Everything in the listing should be set down exactly, apart from the pictures.

[[ Raw data open ]]

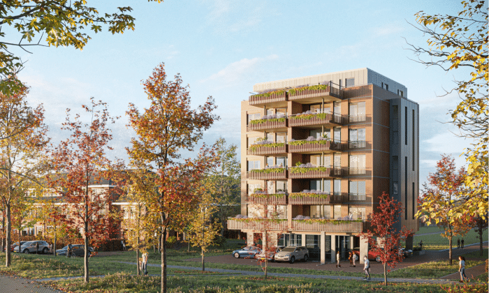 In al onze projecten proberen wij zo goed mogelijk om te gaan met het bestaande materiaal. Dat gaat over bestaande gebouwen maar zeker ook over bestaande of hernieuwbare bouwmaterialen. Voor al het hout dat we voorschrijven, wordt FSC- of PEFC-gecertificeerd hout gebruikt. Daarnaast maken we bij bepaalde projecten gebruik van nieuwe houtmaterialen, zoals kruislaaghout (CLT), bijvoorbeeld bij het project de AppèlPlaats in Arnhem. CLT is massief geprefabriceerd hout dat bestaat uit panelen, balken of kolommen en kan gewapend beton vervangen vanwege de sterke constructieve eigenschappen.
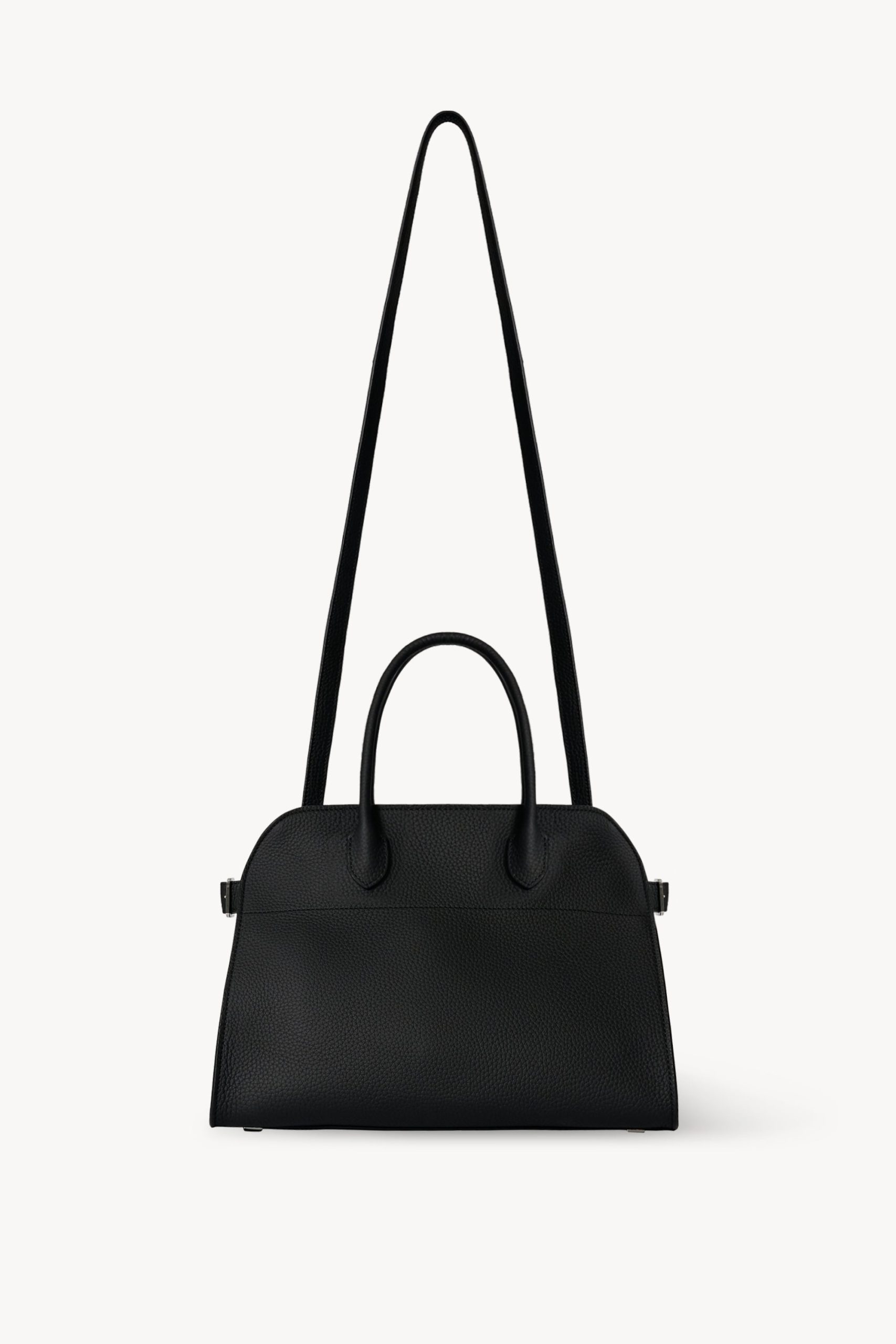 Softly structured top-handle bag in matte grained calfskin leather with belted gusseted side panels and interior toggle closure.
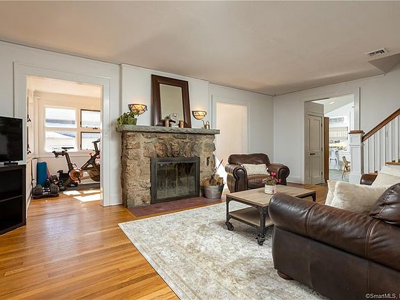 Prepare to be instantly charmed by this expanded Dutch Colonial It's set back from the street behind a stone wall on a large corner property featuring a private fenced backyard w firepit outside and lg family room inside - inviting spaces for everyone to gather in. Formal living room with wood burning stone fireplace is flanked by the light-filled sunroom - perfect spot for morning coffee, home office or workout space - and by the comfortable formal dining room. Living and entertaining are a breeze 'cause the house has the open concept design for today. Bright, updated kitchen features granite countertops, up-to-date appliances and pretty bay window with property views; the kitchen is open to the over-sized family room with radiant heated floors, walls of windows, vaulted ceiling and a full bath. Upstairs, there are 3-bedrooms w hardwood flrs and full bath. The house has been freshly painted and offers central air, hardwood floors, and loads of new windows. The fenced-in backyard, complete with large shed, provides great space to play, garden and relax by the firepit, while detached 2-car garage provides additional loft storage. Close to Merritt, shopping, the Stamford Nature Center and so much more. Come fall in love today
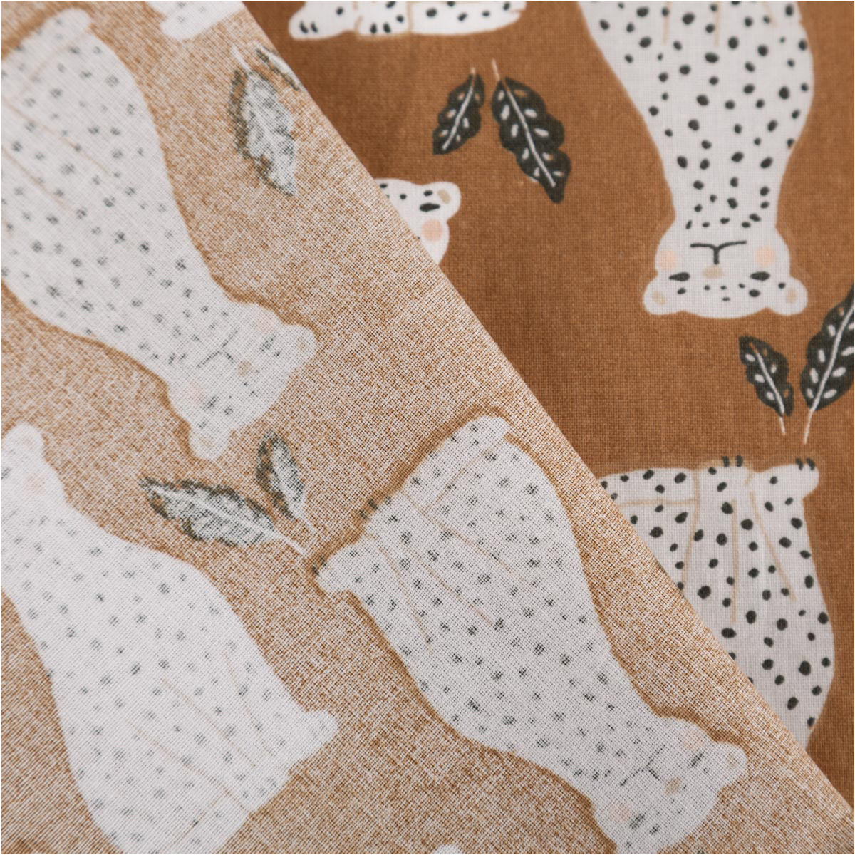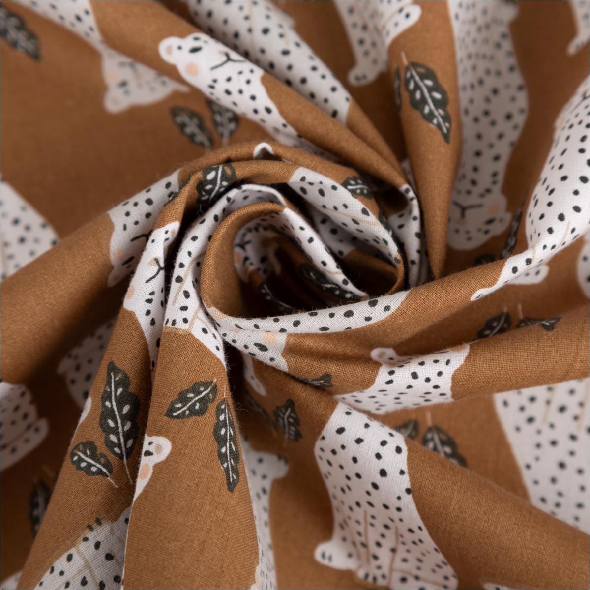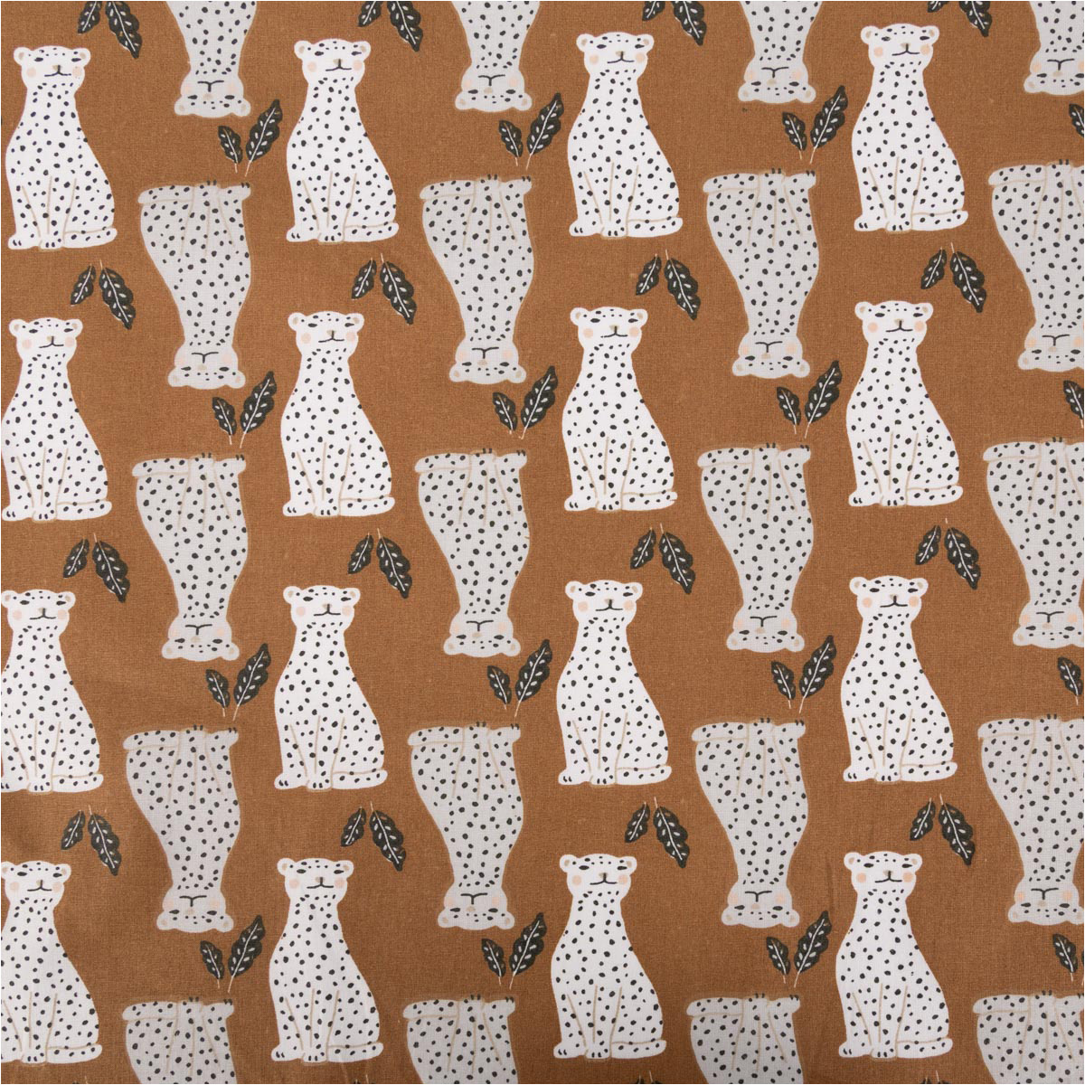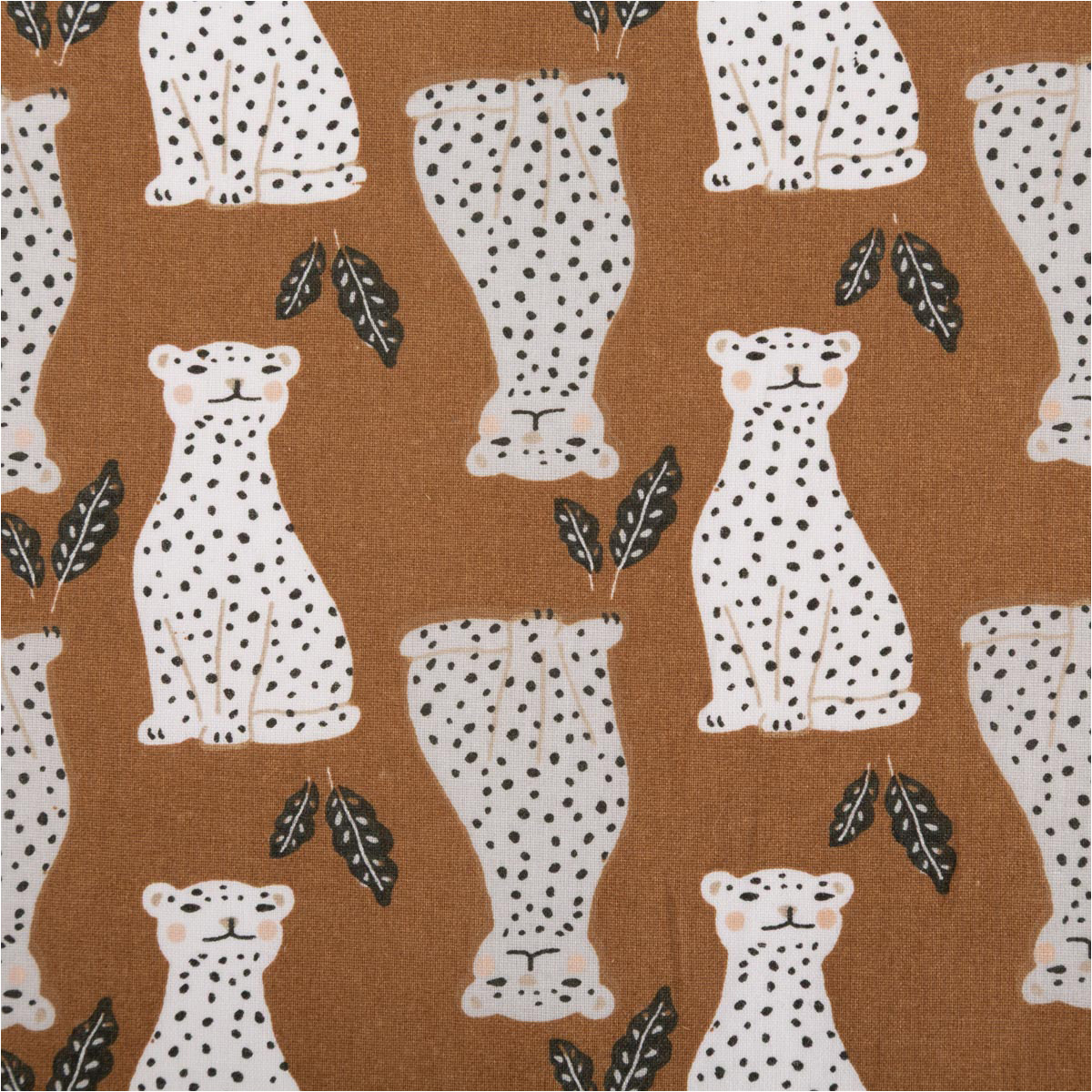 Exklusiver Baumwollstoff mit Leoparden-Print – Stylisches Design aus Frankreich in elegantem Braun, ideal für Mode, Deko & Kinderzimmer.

[[ Raw data closed ]]

_Your response:_
 In al onze projecten proberen wij zo goed mogelijk om te gaan met het bestaande materiaal. Dat gaat over bestaande gebouwen maar zeker ook over bestaande of hernieuwbare bouwmaterialen. Voor al het hout dat we voorschrijven, wordt FSC- of PEFC-gecertificeerd hout gebruikt. Daarnaast maken we bij bepaalde projecten gebruik van nieuwe houtmaterialen, zoals kruislaaghout (CLT), bijvoorbeeld bij het project de AppèlPlaats in Arnhem. CLT is massief geprefabriceerd hout dat bestaat uit panelen, balken of kolommen en kan gewapend beton vervangen vanwege de sterke constructieve eigenschappen.
 Softly structured top-handle bag in matte grained calfskin leather with belted gusseted side panels and interior toggle closure.
 Prepare to be instantly charmed by this expanded Dutch Colonial It's set back from the street behind a stone wall on a large corner property featuring a private fenced backyard w firepit outside and lg family room inside - inviting spaces for everyone to gather in. Formal living room with wood burning stone fireplace is flanked by the light-filled sunroom - perfect spot for morning coffee, home office or workout space - and by the comfortable formal dining room. Living and entertaining are a breeze 'cause the house has the open concept design for today. Bright, updated kitchen features granite countertops, up-to-date appliances and pretty bay window with property views; the kitchen is open to the over-sized family room with radiant heated floors, walls of windows, vaulted ceiling and a full bath. Upstairs, there are 3-bedrooms w hardwood flrs and full bath. The house has been freshly painted and offers central air, hardwood floors, and loads of new windows. The fenced-in backyard, complete with large shed, provides great space to play, garden and relax by the firepit, while detached 2-car garage provides additional loft storage. Close to Merritt, shopping, the Stamford Nature Center and so much more. Come fall in love today
 Exklusiver Baumwollstoff mit Leoparden-Print – Stylisches Design aus Frankreich in elegantem Braun, ideal für Mode, Deko & Kinderzimmer.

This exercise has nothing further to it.